++++ Data provided

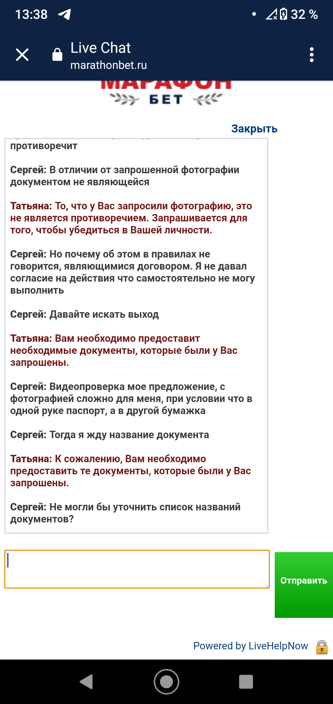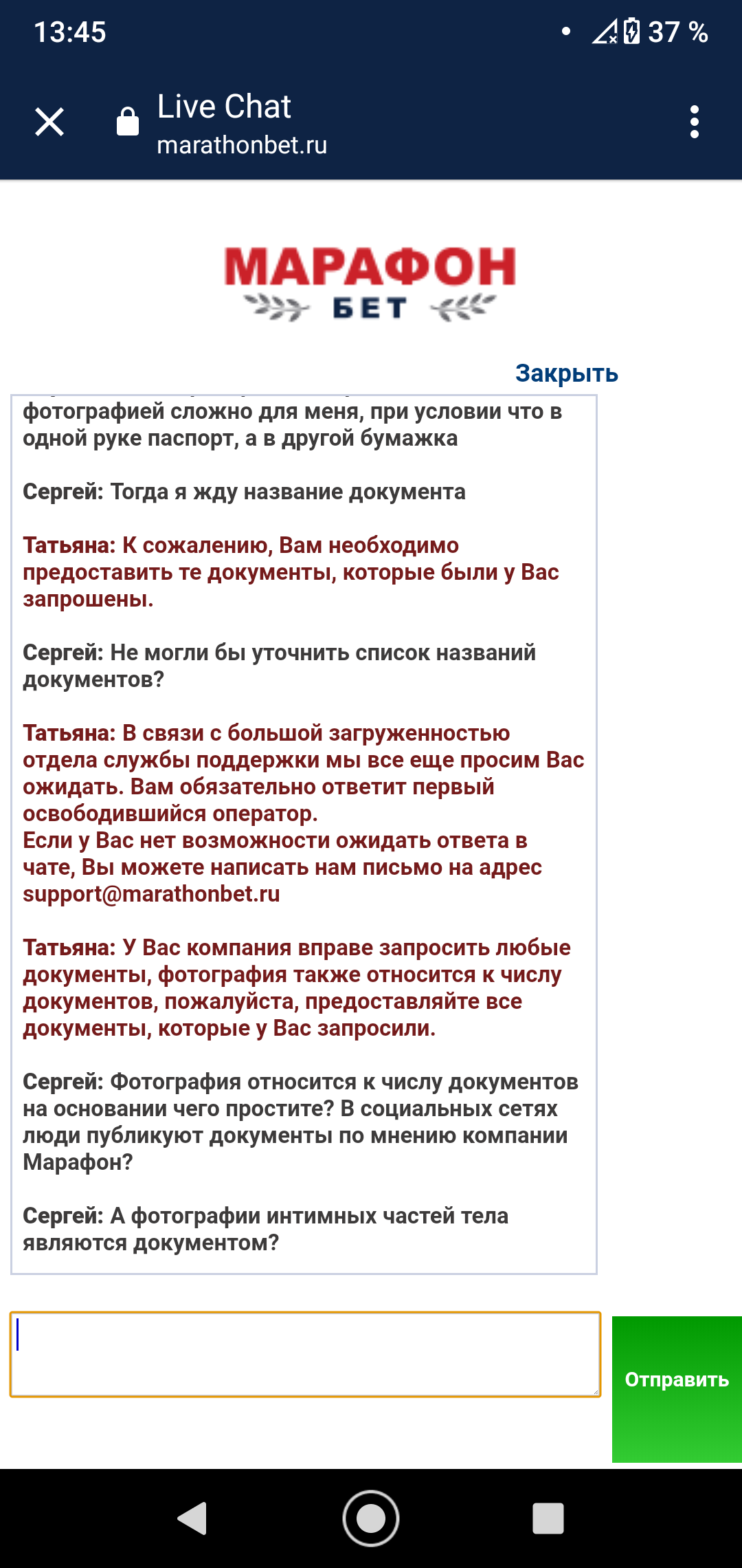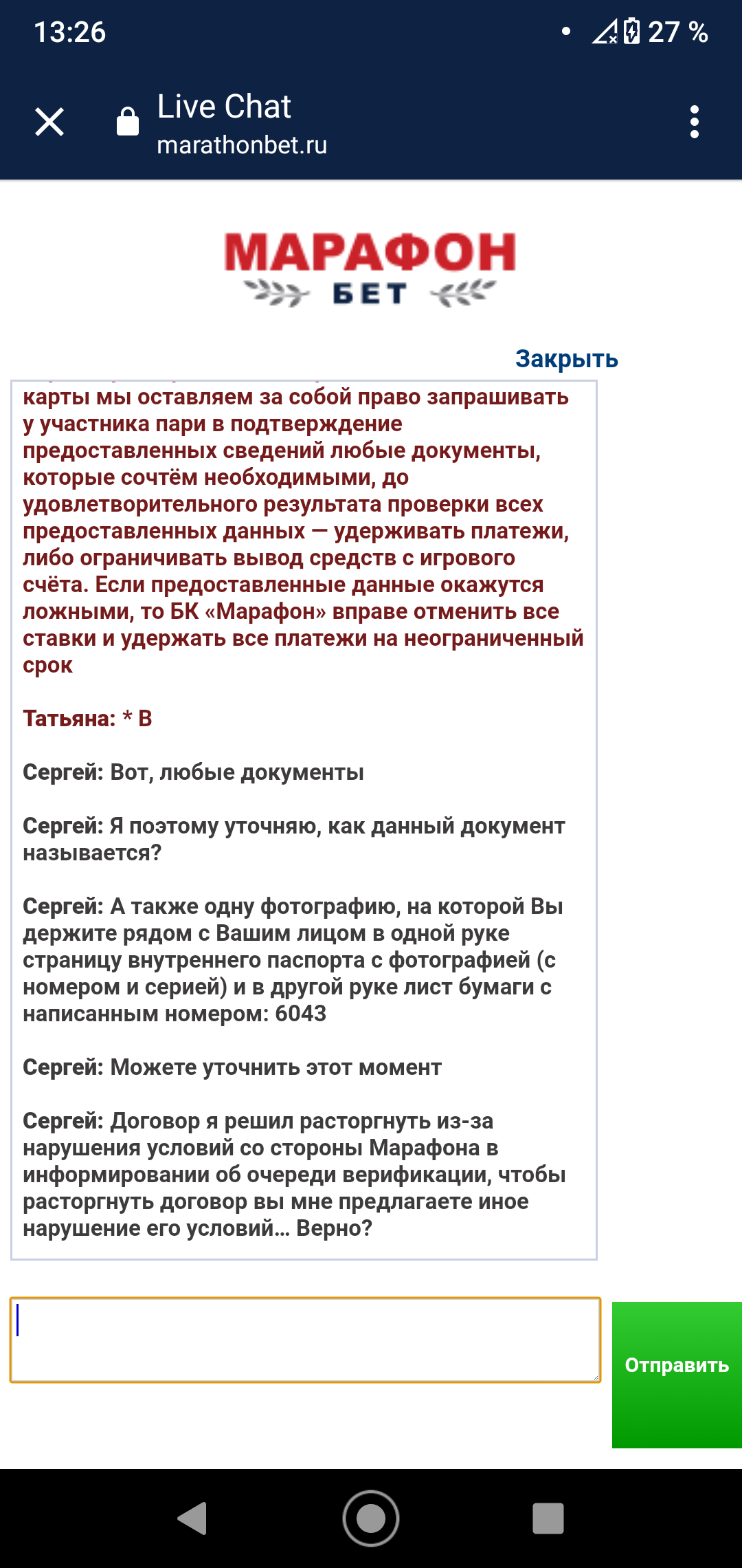 17 марта, БК Марафон запросили у меня 2й и 3й символы... В ответ я отправил им 3й и 4й символы, вместо 2го и 3го
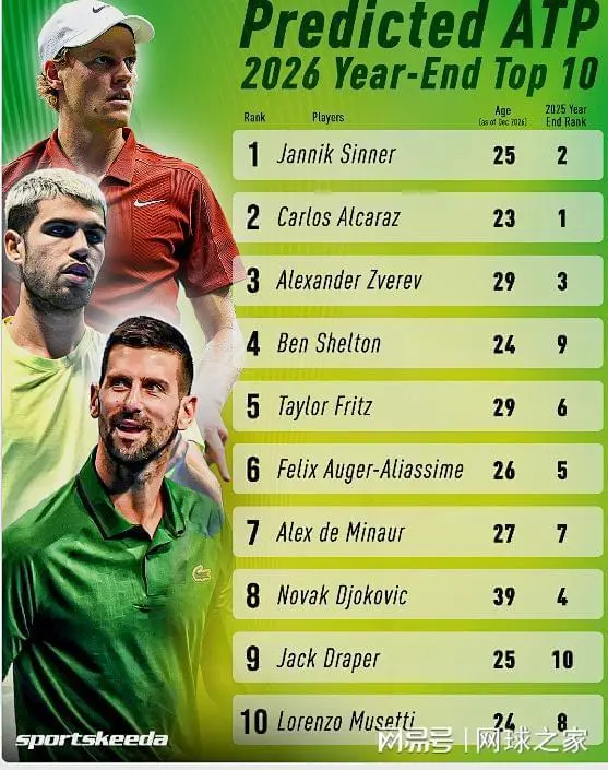 国际网球媒体发布2026赛季年终TOP10预测榜单。现任世界第一阿尔卡拉斯与第二辛纳位置互换,德约科维奇预测将跌至第八位。美国选手谢尔顿有望从第九位升至第五。
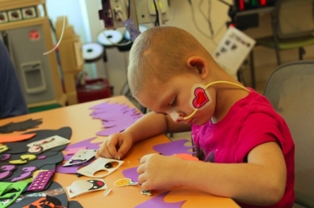 Michaels Stores’ volunteers create friendly ghosts with Shakira, a Miller Children’s & Women’s patient, at the Starlight Children’s Foundation Dream Halloween.

++++++++

# Exercise prompt
Every last line above must be reproduced as written, and no pictures belong in the copy.

# Task output
 17 марта, БК Марафон запросили у меня 2й и 3й символы... В ответ я отправил им 3й и 4й символы, вместо 2го и 3го
 国际网球媒体发布2026赛季年终TOP10预测榜单。现任世界第一阿尔卡拉斯与第二辛纳位置互换,德约科维奇预测将跌至第八位。美国选手谢尔顿有望从第九位升至第五。
 Michaels Stores’ volunteers create friendly ghosts with Shakira, a Miller Children’s & Women’s patient, at the Starlight Children’s Foundation Dream Halloween.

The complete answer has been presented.